1. Brendan Fernandes at the Southern Alberta Art Gallery
I attended “Still Move” on opening night. Three partial walls, each partially coated in a different swatch of flesh-toned paint, stood near the centre of the gallery. Dozens of acupressure balls, painted in a similar palette, were arranged seemingly at random on the gallery floor. Local dancers moved freely among the clusters of attendees, periodically picking up a ball and walking towards one of the gallery walls. Using the wall as a counterweight, they slowly ground the ball into a group of muscles, be it their shoulder, leg or lower back. At a certain point, they stopped, put down the ball and repeated the gesture anew. This was not dance in a sense I was accustomed to, although each movement looked utterly controlled. This was a performance of tension, and of its release.
The relationships between contemporary art and dance have received increased attention, but in “Still Move” Fernandes harnesses the dancers’ gestures to question the complex hierarchies at work within the dance world itself. In an interview with Art Metropole, Fernandes describes how, historically, few people of colour have been promoted to positions of “principal dancer” in ballet companies, relating their stringent top-down hierarchies . “At times, corps de ballet dancers [a group of dancers who are not soloists] will stand still for lengthy periods on stage. In contrast, principal dancers have the “privilege” to move the most; to dance solos and to jump freely,” says Fernandes. “Freedom is negotiated within the space of being able to move. Thinking of these spaces in relationship to labour, a corps dancer in stillness might be interpreted as being idle, but, in fact, they are still active, still moving and still labouring.”
“Still Move” validates the labour of the corps de ballet dancer. Through their slow, subtle movements, the dancers enacted a paradoxical relation to the institution’s walls, using them variably as a tool to release tension, while also applying pressure with literal force. The traces of this force became the documentation of the performance, as the flesh-toned paint from the acupressure balls adhered to the walls under pressure. Through this turn, the economy of the dancers’ gesture became the very source of its power.

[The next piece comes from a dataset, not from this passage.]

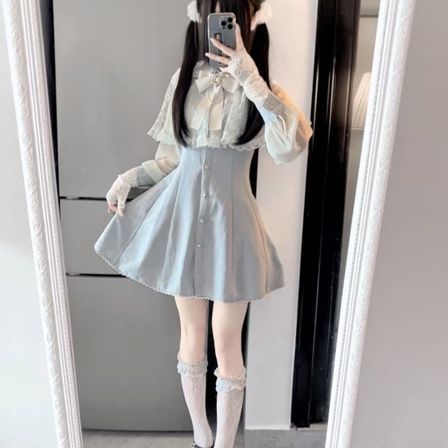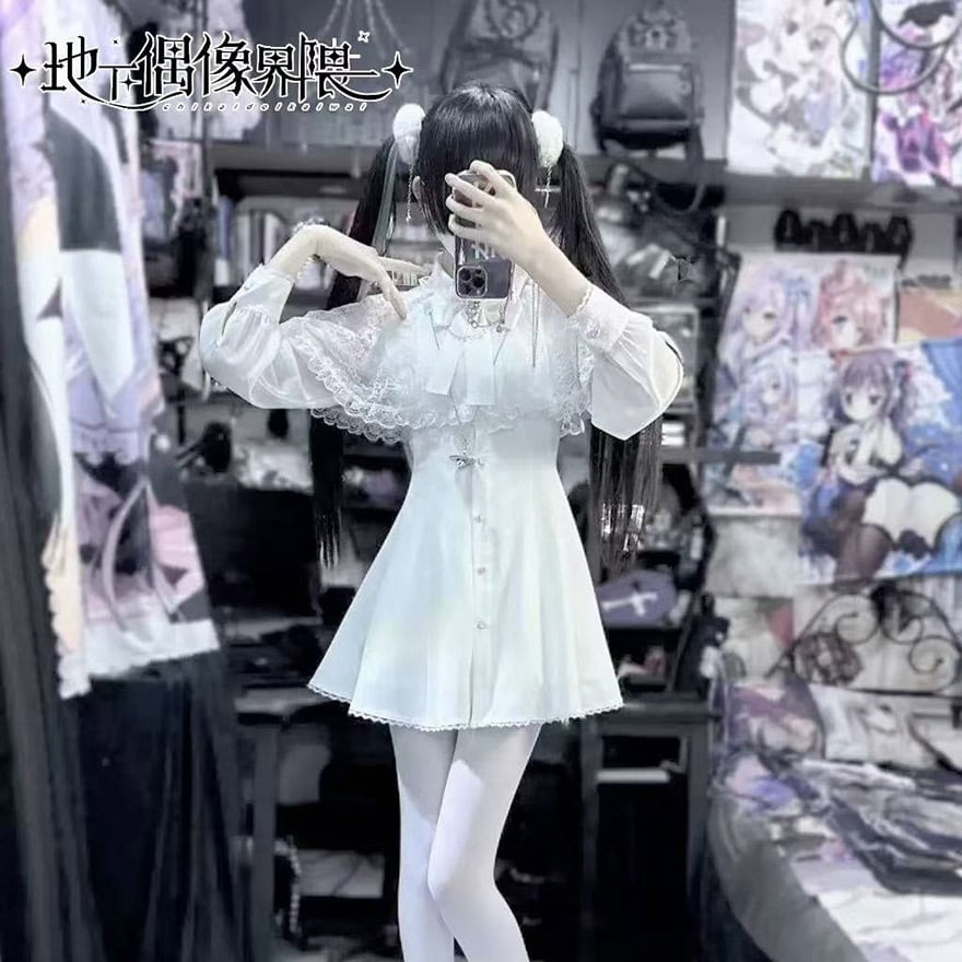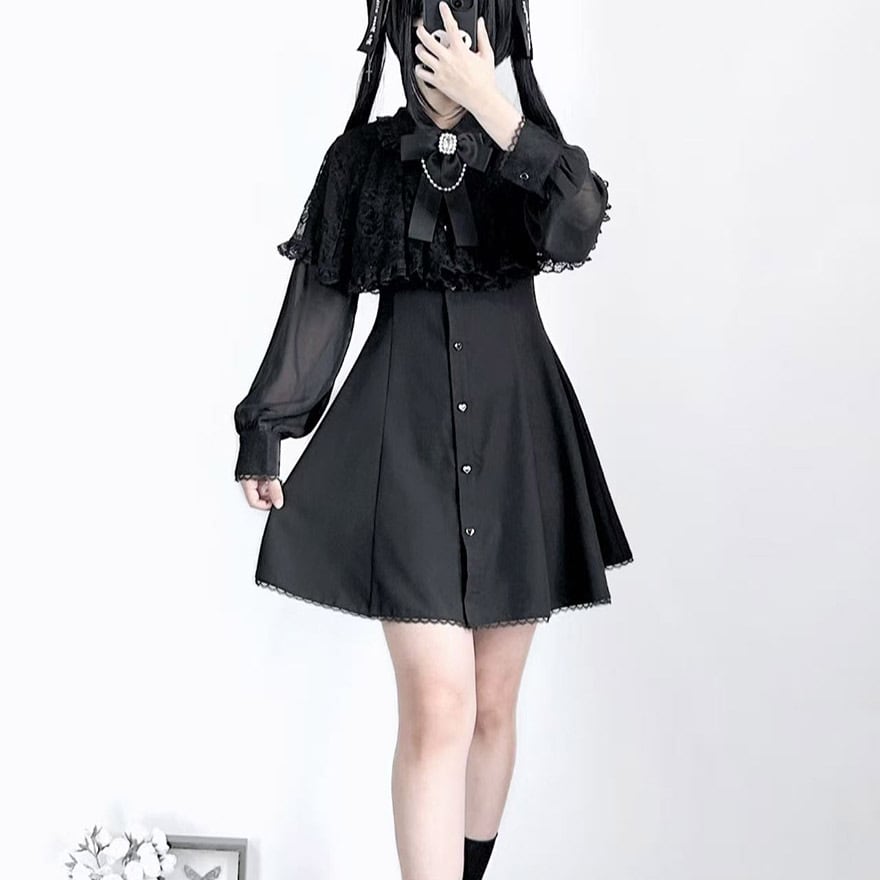 関連キーワード: #地雷系 #量産型 #天使界隈 #サブカル #ワンピース #ケープ #レース #フレアスカート #可愛い #参戦服 #双子コーデ

2. Hannah Doerksen’s And We Have No Place To Leave And Nowhere To Come To in the 2015 Alberta Biennial of Contemporary Art, Art Gallery of Alberta
Scholar Jennifer Doyle begins her preface to Hold It Against Me: Difficulty and Emotion in Contemporary Art with a reading of Linda Montano’s 1978 video, Mitchell’s Death. Her face pocked with acupuncture needles, Montano recounts in a chant-like voice the experience of her ex-husband’s death, from the moment of learning about the gunshot wound to attending his funeral in Kansas. “Mitchell’s Death bodies forth the otherworldly texture of intense grief—that feeling of being removed from the world of the living, of feeling like a ghost, of being numb with it, of being lulled by the sound of grief’s rhythms,” writes Doyle.

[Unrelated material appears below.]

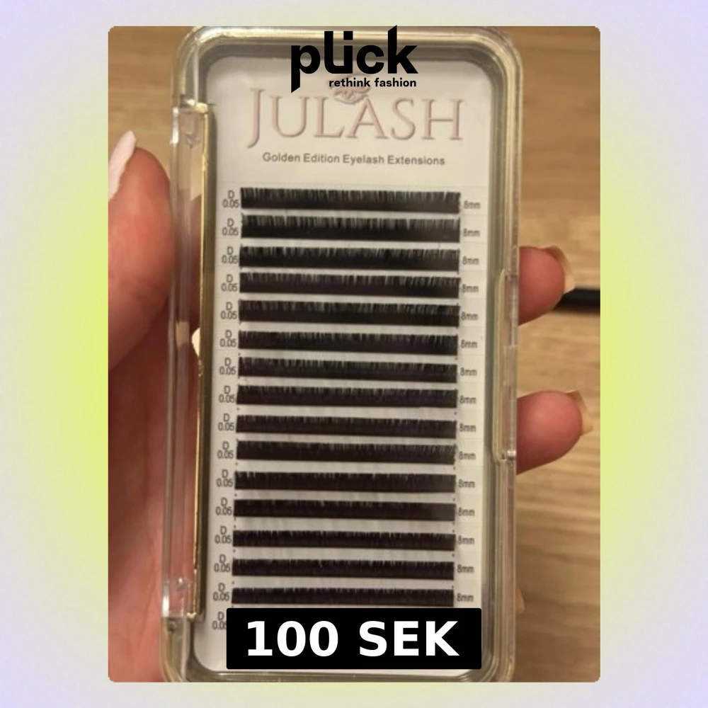 Golden Edition Eyelash Extensions från Julash, 0.05 D-böj och 8mm längd. Svarta fransar i tunn och lätt syntetfiber, perfekt för att skapa en fyllig och naturlig look. Kommer i en praktisk plastask med flera rader för enkel applicering.

This description of being annexed by grief came to mind when seeing Calgary-based artist Hannah Doerksen’s contribution to the 2015 Alberta Biennial of Contemporary Art. The installation work, And We Have No Place To Leave And Nowhere to Come To, referenced the interiors of funeral homes and places of worship: semi-public sites we often experience while mourning. The installation occupied a room in the larger gallery, and was fitted with rows of chairs facing a mirrored sculptural fountain. Artificial bouquets, fake plants on stands and thick, patterned drapes that gently oscillated flanked the seating.
And We Have No Place To Leave And Nowhere to Come To captured the banality of these spaces, but didn’t directly reproduce them. For example, Doerksen’s artificial bouquets were rendered from magazine images of sunsets, outer space, and large bodies of water. These vaguely psychedelic alterations left viewers feeling either out of place or out of time, recalling the strange sense of removal that grief produces. The work’s title refused any consolation, but the installation’s design offered the potential for narratives beyond those of isolation. This was still a place to congregate, to return us to each other.
3. The Up-and-Comers
In the spirit of end of year shout-outs, Alberta hosted a number of strong exhibitions this year by emerging and mid-career artists working in other parts of the country. Calgary saw the exhibition of Jacqueline Hoang Nguyen’s “Space Fiction & the Archives” at the New Gallery; Celia Perrin Sidarous’s “Interiors, Other Chambers” at the Esker Foundation; and Elise Rasmussen’s “Finding Ana” at TRUCK. Edmonton was host to Sarah Burwash’s “Sweet Smelling Ashes” at Latitude 53 and Taryn Kneteman’s “Everyday Rituals (survival tactics)” at SNAP.
Jacqueline Bell is curatorial assistant at Walter Phillips Gallery, the Banff Centre.